Please let me know if I haven’t explained things well, and thanks for your time if you’ve made it this far!
library(brms)
iris$Petal_length <- as.numeric(scale(iris$Petal.Length))
iris$Petal_width <- as.numeric(scale(iris$Petal.Width))
iris$Species <- as.factor(iris$Species)
# Setting up a mixture
two_normal_mixture <- mixture(gaussian(), gaussian(), order = TRUE)

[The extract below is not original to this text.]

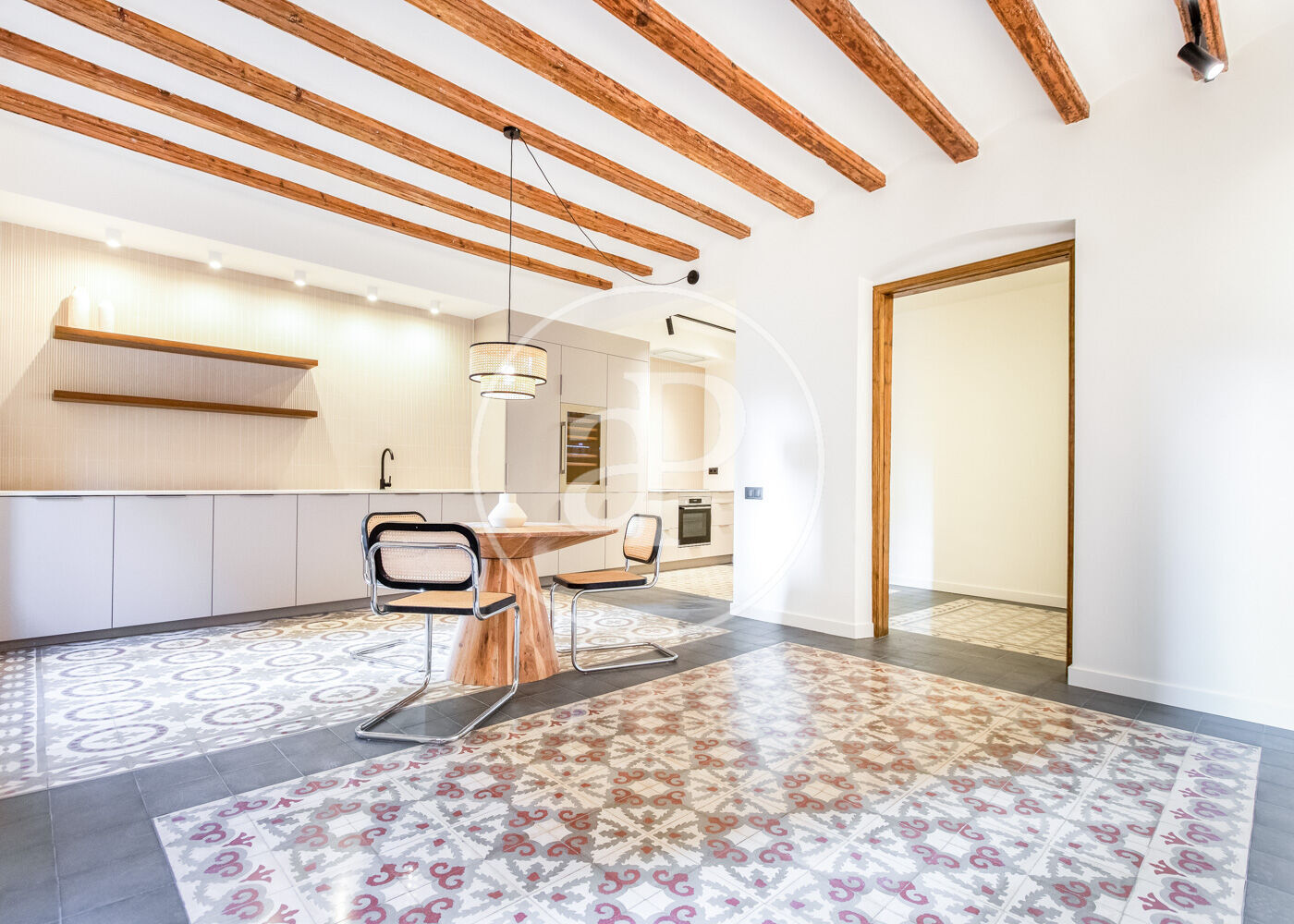 La propiedad ha sido renovada empleando acabados de primera calidad y mucha atención a los detalles. Sus techos altos con vigas de madera y sus suelos hidráulicos perfectamente recuperados junto con su moderno diseño moderno confieren a la vivienda mucho encanto y personalidad.
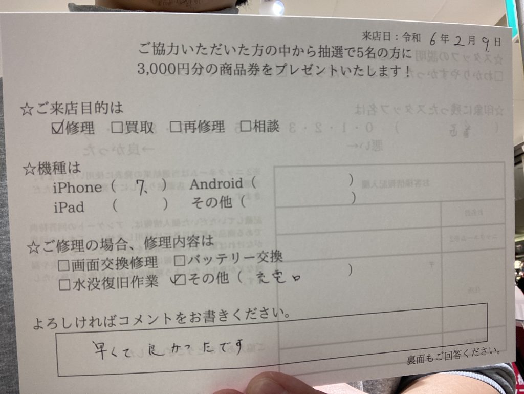 スマホスピタル 大阪駅前店 【お客様の声】大阪市よりお越しのお客様iPhone7充電口交換修理をさせていただきました!

# Setting up a model formula
model_formula <- bf(Petal_length ~ Petal_width,
theta2 ~ Species)
# Checking priors
get_prior(model_formula,
data = iris,
family = two_normal_mixture)
beta_prior_model <- brm(model_formula,
data = iris,
family = two_normal_mixture,
prior = c(
prior(normal(-1, 0.4), class = "Intercept", dpar = "mu1"),
prior(normal(1, 0.4), class = "Intercept", dpar = "mu2"),
prior(beta(5, 5), class = "Intercept", dpar = "theta2"),
prior(normal(0, 0.5), class = "b", dpar = "mu1"),
prior(normal(0, 0.5), class = "b", dpar = "mu2"),
prior(normal(0, 0.5), class = "b", dpar = "theta2"),
prior(normal(0, 1), class = "sigma1"),
prior(normal(0, 1), class = "sigma2")),
cores = 4,
warmup = 5000,
iter = 10000,
control = list(adapt_delta = 0.95),
backend = "cmdstanr")
summary(beta_prior_model)
Family: mixture(gaussian, gaussian)
Links: mu1 = identity; sigma1 = identity; mu2 = identity; sigma2 = identity; theta1 = identity; theta2 = identity
Formula: Petal_length ~ Petal_width
theta2 ~ Species
Data: iris (Number of observations: 150)
Draws: 4 chains, each with iter = 5000; warmup = 0; thin = 1;
total post-warmup draws = 20000
Population-Level Effects:
Estimate Est.Error l-95% CI u-95% CI Rhat Bulk_ESS Tail_ESS
mu1_Intercept -0.16 0.03 -0.22 -0.10 1.00 9347 7230
mu2_Intercept 0.16 0.03 0.11 0.21 1.00 21235 15456
theta2_Intercept 0.39 0.30 -0.19 0.98 1.00 11268 7346
mu1_Petal_width 0.88 0.03 0.83 0.92 1.00 13547 8542
mu2_Petal_width 1.15 0.03 1.09 1.21 1.00 17965 13337
theta2_Speciesversicolor 0.89 0.46 -0.02 1.77 1.00 11413 8607
theta2_Speciesvirginica -0.71 0.39 -1.48 0.06 1.00 14674 9848
Family Specific Parameters:
Estimate Est.Error l-95% CI u-95% CI Rhat Bulk_ESS Tail_ESS
sigma1 0.17 0.02 0.14 0.22 1.00 18814 12725
sigma2 0.18 0.02 0.15 0.22 1.00 18822 14294
Draws were sampled using sample(hmc). For each parameter, Bulk_ESS
and Tail_ESS are effective sample size measures, and Rhat is the potential
scale reduction factor on split chains (at convergence, Rhat = 1).
logistic_prior_model <- brm(model_formula,
data = iris,
family = two_normal_mixture,
prior = c(
prior(normal(-1, 0.4), class = "Intercept", dpar = "mu1"),
prior(normal(1, 0.4), class = "Intercept", dpar = "mu2"),
prior(logistic(0, 0.35), class = "Intercept", dpar = "theta2"),
prior(normal(0, 0.5), class = "b", dpar = "mu1"),
prior(normal(0, 0.5), class = "b", dpar = "mu2"),
prior(normal(0, 0.5), class = "b", dpar = "theta2"),
prior(normal(0, 1), class = "sigma1"),
prior(normal(0, 1), class = "sigma2")),
cores = 4,
warmup = 5000,
iter = 10000,
control = list(adapt_delta = 0.95),
backend = "cmdstanr")
summary(logistic_prior_model)
Family: mixture(gaussian, gaussian)
Links: mu1 = identity; sigma1 = identity; mu2 = identity; sigma2 = identity; theta1 = identity; theta2 = identity
Formula: Petal_length ~ Petal_width
theta2 ~ Species
Data: iris (Number of observations: 150)
Draws: 4 chains, each with iter = 5000; warmup = 0; thin = 1;
total post-warmup draws = 20000
Population-Level Effects:
Estimate Est.Error l-95% CI u-95% CI Rhat Bulk_ESS Tail_ESS
mu1_Intercept -0.09 0.12 -0.21 0.15 1.53 7 NA
mu2_Intercept 0.23 0.13 0.12 0.65 1.44 8 NA
theta2_Intercept -0.38 0.81 -2.00 0.82 1.53 7 NA
mu1_Petal_width 0.94 0.10 0.84 1.15 1.53 7 NA
mu2_Petal_width 0.97 0.32 0.25 1.22 1.53 7 NA
theta2_Speciesversicolor 0.74 0.60 -0.63 1.75 1.22 13 30
theta2_Speciesvirginica 0.06 1.10 -1.31 2.35 1.53 7 NA
Family Specific Parameters:
Estimate Est.Error l-95% CI u-95% CI Rhat Bulk_ESS Tail_ESS
sigma1 0.18 0.02 0.14 0.22 1.05 57 2982
sigma2 0.18 0.03 0.14 0.26 1.12 6459 35
Draws were sampled using sample(hmc). For each parameter, Bulk_ESS
and Tail_ESS are effective sample size measures, and Rhat is the potential
scale reduction factor on split chains (at convergence, Rhat = 1).